== Segment start ==

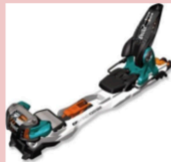
Ex: Marker Duke Randonee
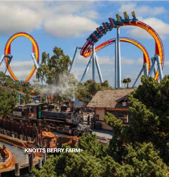
KNOTT'S BERRY FARM®

Orange | 3 miles from the ACC Buyout Capacity: 1,200 This venue offers a cutting-edge combination of modern bowling, innovative dining, lounging and multimedia art. It features a 75-seat restaurant with an inventive menu from Along Came Mary Productions catering. There's also a private room with six lanes, a projection screen and lounge for VIP events.
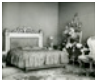
Arthur's bed with damask bedhead and cover
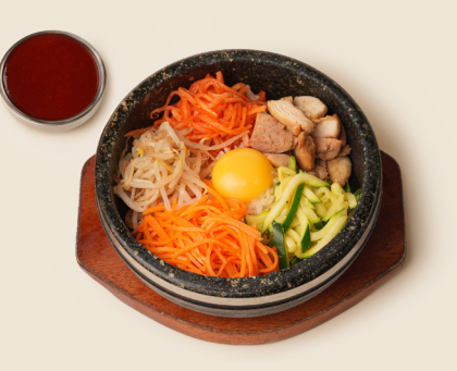
CHICKEN BIBIMBAP £13.5 A rice bowl topped with assorted seasoned sautéed vegetables and marinated chicken

== Segment end ==

Each record above is to be written out exactly; the pictures are not.

● Exercise answer:
Ex: Marker Duke Randonee
KNOTT'S BERRY FARM®

Orange | 3 miles from the ACC Buyout Capacity: 1,200 This venue offers a cutting-edge combination of modern bowling, innovative dining, lounging and multimedia art. It features a 75-seat restaurant with an inventive menu from Along Came Mary Productions catering. There's also a private room with six lanes, a projection screen and lounge for VIP events.
Arthur's bed with damask bedhead and cover
CHICKEN BIBIMBAP £13.5 A rice bowl topped with assorted seasoned sautéed vegetables and marinated chicken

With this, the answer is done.